» **TASK DETAILS**: The records that follow are to be repeated exactly, without any pictures.

» **INPUT DATA**:
________

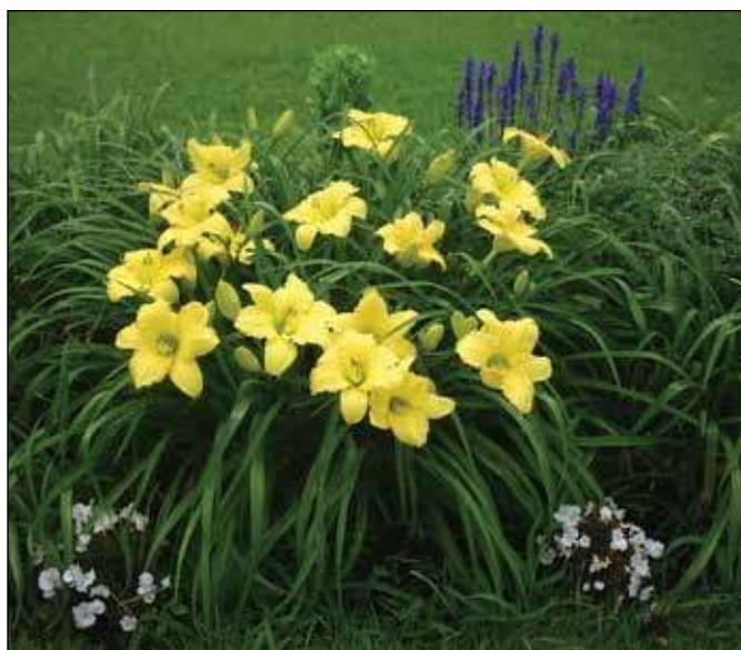
H. 'Andrew Christian' (Harris-Benz 1990)
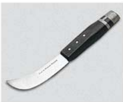
Faca p/ massa 5102200
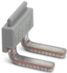
Insertion bridge, number of positions: 2, color: gray

Please be informed that the data shown in this PDF Document is generated from our Online Catalog. Please find the complete data in the user's documentation. Our General Terms of Use for Downloads are valid ( http://phoenixcontact.com/download )
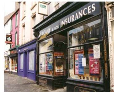
RPS No. 1038 Shopfront, Charleville
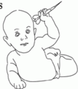
professional darts hustler
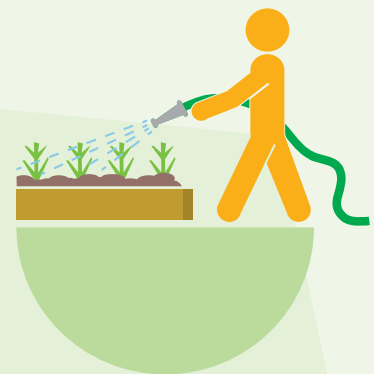
USE mains water
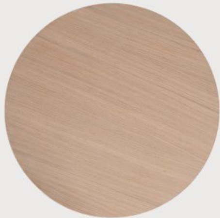
Oiled light oak

We protect our furniture with hard wax oil by OSMO, which protects against the penetration of dirt, water and stains. Product based on natural vegetable oils and waxes. We use oak and walnut veneers.
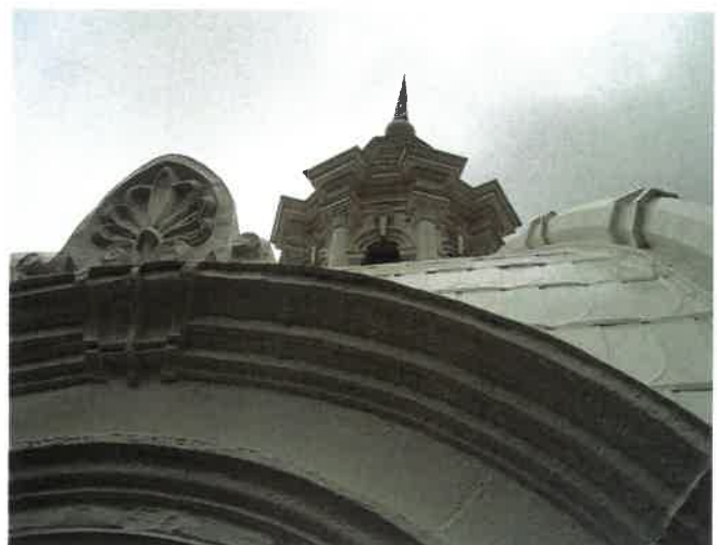
Dome Restoration Detail

Since the design and construction of the courthouse annex in 1995, Chapman Technical Group has been involved in several improvement and restoration projects at the Courthouse in Buckhannon. In 2005, a lift was installed and plaza renovated in make the original Courthouse accessible. In 2006, the Courthouse dome and clock tower were completely restored. In 2007, the Courthouse portico stonework was restored, and in 2008 the work was honored by the AIA, WV for Excellence in Architecture.
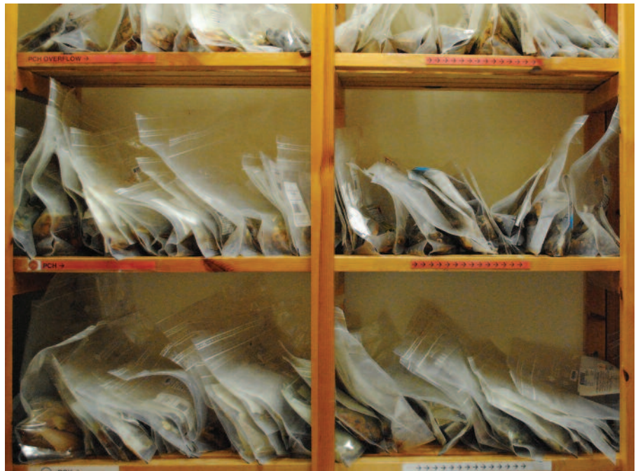
Fig 4. Bags are resealed on the SealSAFE instrument and stored in the specimen archiving room.

The vast majority of specimen types are collected by theatres at RGH and PCH, including mastectomies, bowel resections, ovarian cysts, gall bladders and prostate chippings. The key to a successful installation and training lies in clear and open communication with all interested parties, says Gerrard Fletcher (Cellular Pathology Lead Medical Laboratory Assistant). It is important to ensure dates are arranged well in advance with clear start/finish times. Prior to installation, meetings were held between theatres, the laboratory and Menarini Diagnostics to address concerns about the system
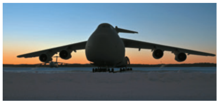
C-5 Galaxy

■ C-5B. Embodies all improvements since completion of C-5A production, including strengthened wings, improved turbofans, and improved avionics, with color weather radar and triple INS. First flight September 1985. First delivery in January 1986.
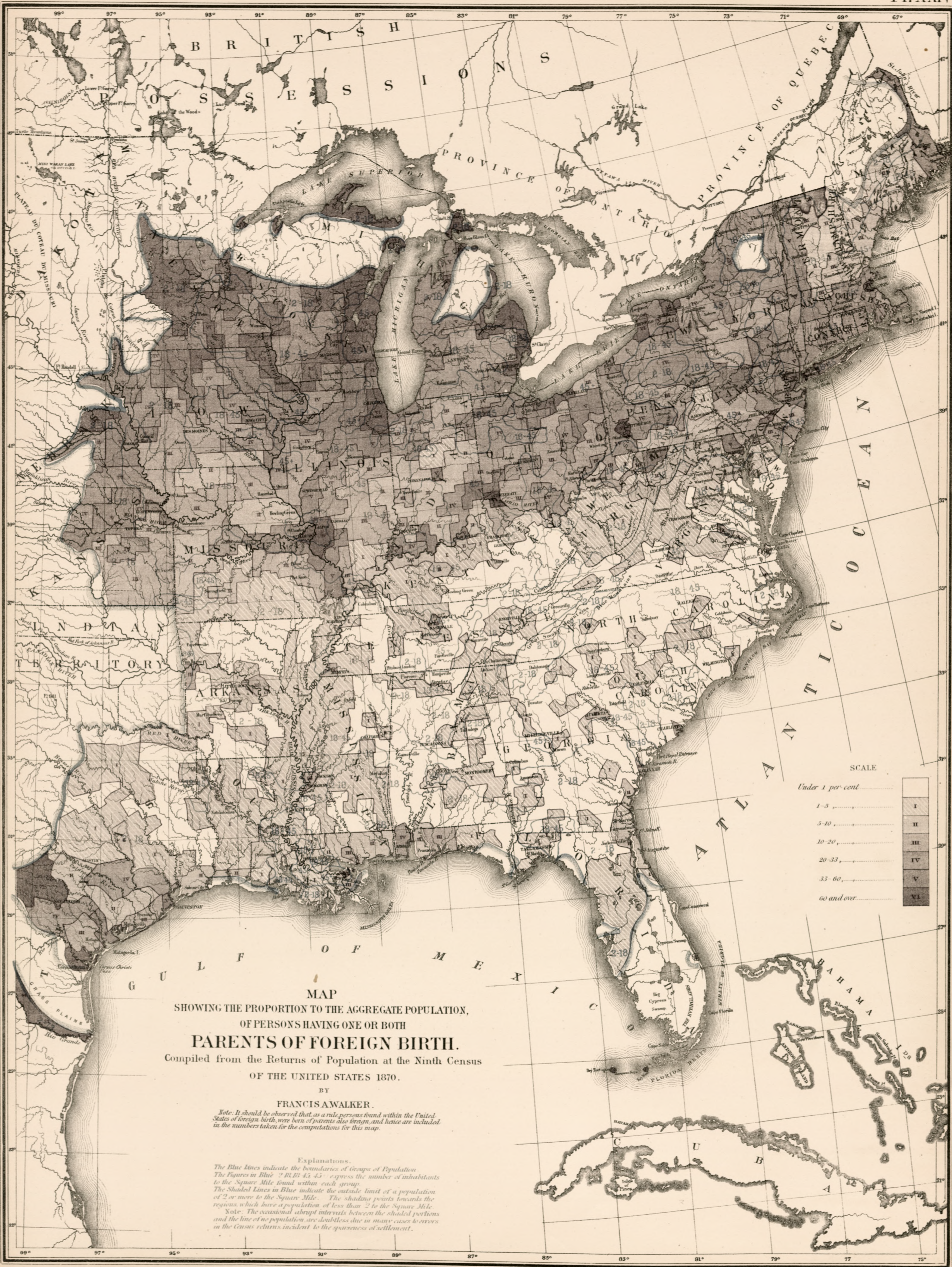
MAP SHOWING THE PROPORTION TO THE AGGREGATE POPULATION, OF PERSONS HAVING ONE OR BOTH PARENTS OF FOREIGN BIRTH. Compiled from the Returns of Population at the Ninth Census OF THE UNITED STATES 1870.

BY FRANCIS A WALKER. Note: It should be observed that, as a rule, persons found within the United States of foreign birth, were born of parents also foreign, and hence are included in the numbers taken for the computations for this map.
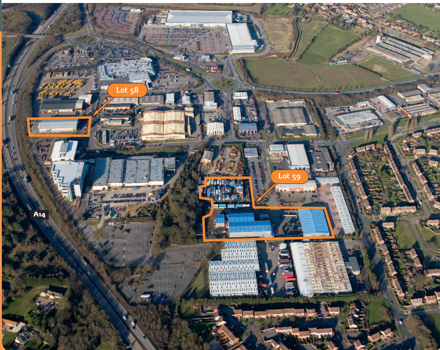
Photograph for identification purposes only.
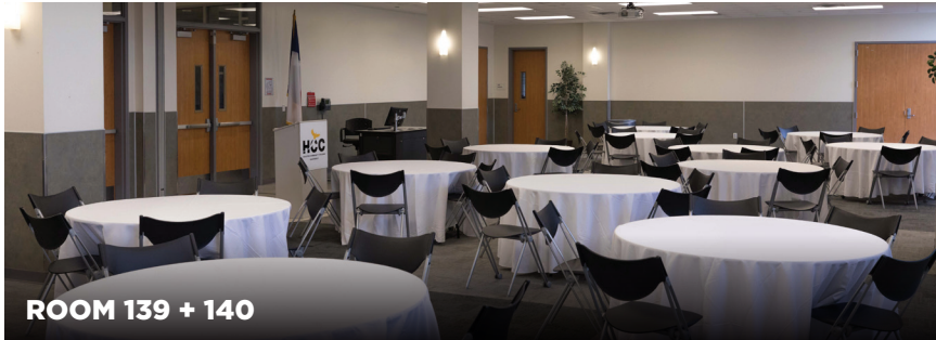
ROOM 139 + 140
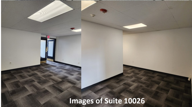
Images of Suite 10026
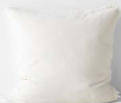
VINTAGE LINEN FRINGE CUSHION IN MARSHMALLOW $59.95
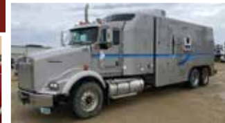
2015 Kenworth T800 Wireline Truck

________

» **SOLUTION TO THIS PROBLEM**:
H. 'Andrew Christian' (Harris-Benz 1990)
Faca p/ massa 5102200
Insertion bridge, number of positions: 2, color: gray

Please be informed that the data shown in this PDF Document is generated from our Online Catalog. Please find the complete data in the user's documentation. Our General Terms of Use for Downloads are valid ( http://phoenixcontact.com/download )
RPS No. 1038 Shopfront, Charleville
professional darts hustler
USE mains water
Oiled light oak

We protect our furniture with hard wax oil by OSMO, which protects against the penetration of dirt, water and stains. Product based on natural vegetable oils and waxes. We use oak and walnut veneers.
Dome Restoration Detail

Since the design and construction of the courthouse annex in 1995, Chapman Technical Group has been involved in several improvement and restoration projects at the Courthouse in Buckhannon. In 2005, a lift was installed and plaza renovated in make the original Courthouse accessible. In 2006, the Courthouse dome and clock tower were completely restored. In 2007, the Courthouse portico stonework was restored, and in 2008 the work was honored by the AIA, WV for Excellence in Architecture.
Fig 4. Bags are resealed on the SealSAFE instrument and stored in the specimen archiving room.

The vast majority of specimen types are collected by theatres at RGH and PCH, including mastectomies, bowel resections, ovarian cysts, gall bladders and prostate chippings. The key to a successful installation and training lies in clear and open communication with all interested parties, says Gerrard Fletcher (Cellular Pathology Lead Medical Laboratory Assistant). It is important to ensure dates are arranged well in advance with clear start/finish times. Prior to installation, meetings were held between theatres, the laboratory and Menarini Diagnostics to address concerns about the system
C-5 Galaxy

■ C-5B. Embodies all improvements since completion of C-5A production, including strengthened wings, improved turbofans, and improved avionics, with color weather radar and triple INS. First flight September 1985. First delivery in January 1986.
MAP SHOWING THE PROPORTION TO THE AGGREGATE POPULATION, OF PERSONS HAVING ONE OR BOTH PARENTS OF FOREIGN BIRTH. Compiled from the Returns of Population at the Ninth Census OF THE UNITED STATES 1870.

BY FRANCIS A WALKER. Note: It should be observed that, as a rule, persons found within the United States of foreign birth, were born of parents also foreign, and hence are included in the numbers taken for the computations for this map.
Photograph for identification purposes only.
ROOM 139 + 140
Images of Suite 10026
VINTAGE LINEN FRINGE CUSHION IN MARSHMALLOW $59.95
2015 Kenworth T800 Wireline Truck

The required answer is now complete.